Date of Award

2-2017

Document Type

Dissertation

Degree Name

Doctor of Philosophy (PhD)

Department

Philosophy

First Advisor

Max Pensky, Chair

Second Advisor

Anthony Reeves, Faculty Advisor

Third Advisor

Anja Karnein, Member; Florenz Plassman, Outside Examiner

Abstract

This work attempts to determine what kinds of institutions—if any—the state should implement to protect private property, and investigates how individuals and communities operating within those institutions ought to behave. Because the laws produced by such institutions may conflict with community rights, social welfare, and justice, the political authorities—including judges and legislators—who operate the institutions must determine whether, and under what conditions, individual property rights ought to prevail over conflicting rights. I argue that considerations of privacy are necessary for making these determinations. Privacy—the condition that requires limitations upon the ability of others to access one’s physical spaces—has normative significance for moral behavior as well as for constitutional law and politics. Privacy’s value is promoted through private property rights, which are themselves shaped by the normative aspects of privacy. Because private property is valuable due to its intricate relationship to the promotion of privacy, states and communities ought to be able to infringe upon private property only to the extent they may infringe upon other privacy-oriented rights and interests. This infringement is encapsulated in the political act of eminent domain (or expropriation), which permits states to take private property for public use. Moral theory clarifies the role of law as political authorities use eminent domain to negotiate between private and community interests. In this work, I describe several such theories and then provide a contemporary property theory that claims the theory as an ancestor. I then ask the following questions: does this property theory facilitate eminent domain—the transfer of property from private to public—or does it make eminent domain more difficult by protecting private property against expropriation?
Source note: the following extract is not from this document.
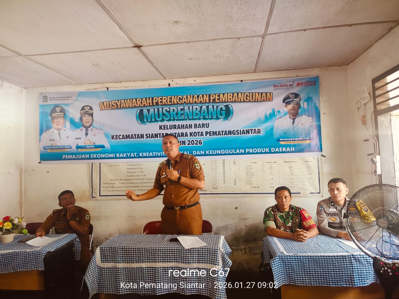 Turut hadir dalam kegiatan ini antara lain Camat Siantar Utara Marlon B. Sitorus, SSTP, Lurah Kelurahan Baru Bambang Saputra, S.H, perwakilan Dinas Arsip dan Perpustakaan A.H. Siregar, DKPP Hotmaida R.P. Girsang, Bappeda Jamara Damanik, serta para Ketua RW dan RT Kelurahan Baru.
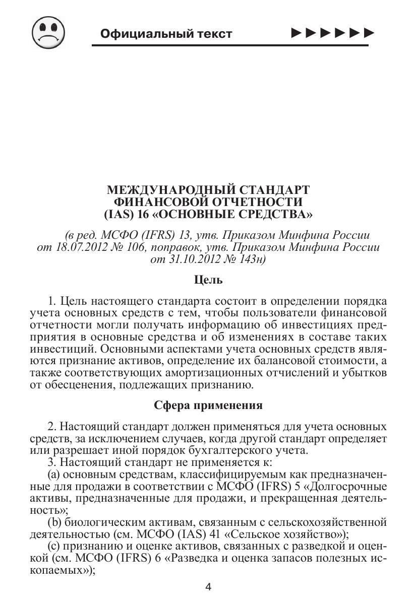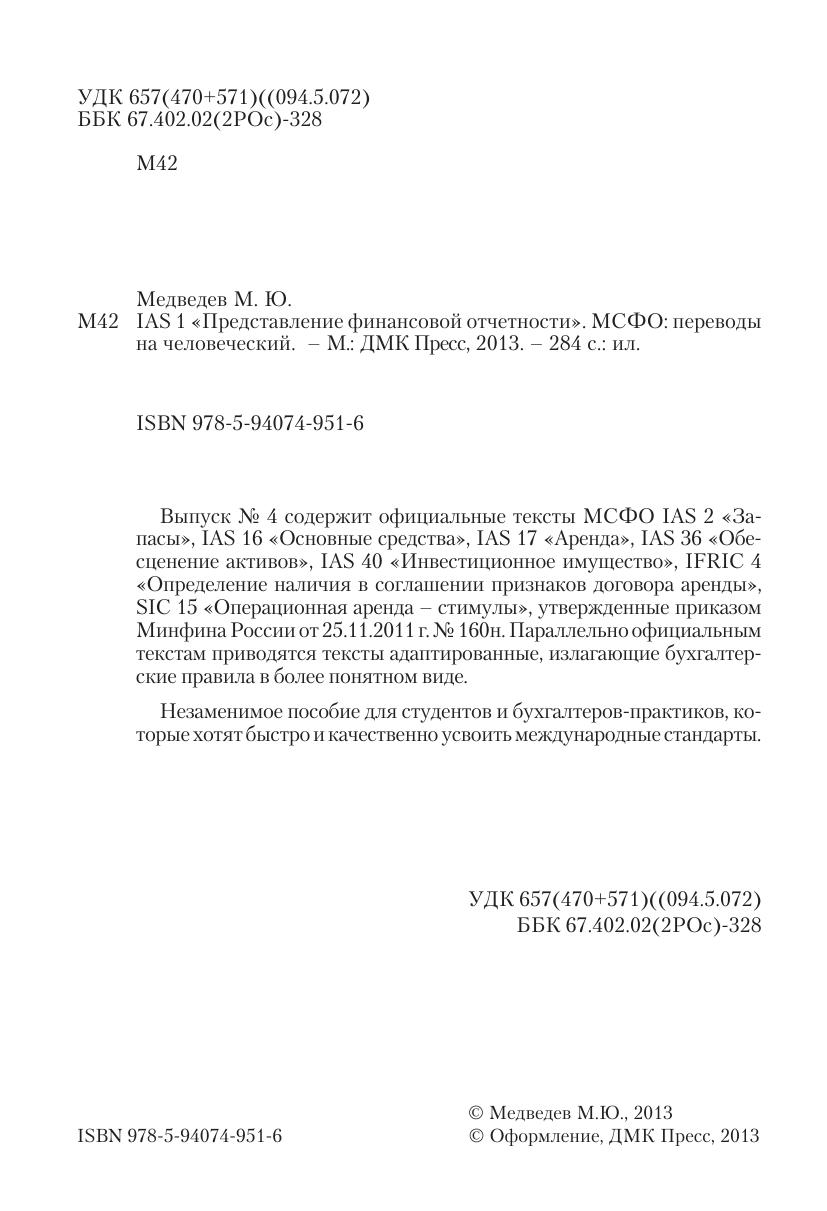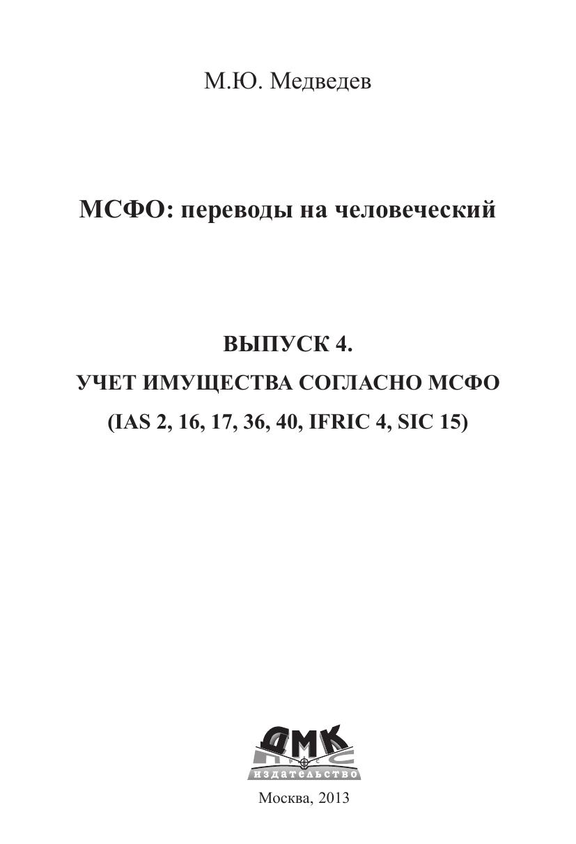 Выпуск № 4 содержит официальные тексты МСФО IAS 2 «Запасы», IAS 16 «Основные средства», IAS 17 «Аренда», IAS 36 «Обесценение активов», IAS 40 «Инвестиционное имущество», IFRIC 4 «Определение наличия в соглашении признаков договора аренды», SIC 15 «Операционная аренда – стимулы», утвержденные приказом Минфина России от 25.11.2011 г. № 160н. Параллельно официальным текстам приводятся тексты адаптированные, излагающие бухгалтерские правила в более понятном виде. Незаменимое пособие для студентов и бухгалтеров-практиков, которые хотят быстро и качественно усвоить международные стандарты.

I argue for a private property right that enjoys the same constitutional protection, known as strict scrutiny, as the privacy right, and conclude that the privacy aspects of property are best protected by a takings jurisprudence that v restructures the definition of takings based upon a reappraisal of the role of just compensation, a more narrow conception of public use, and a better understanding of how privacy interests can be objectified in physical spaces.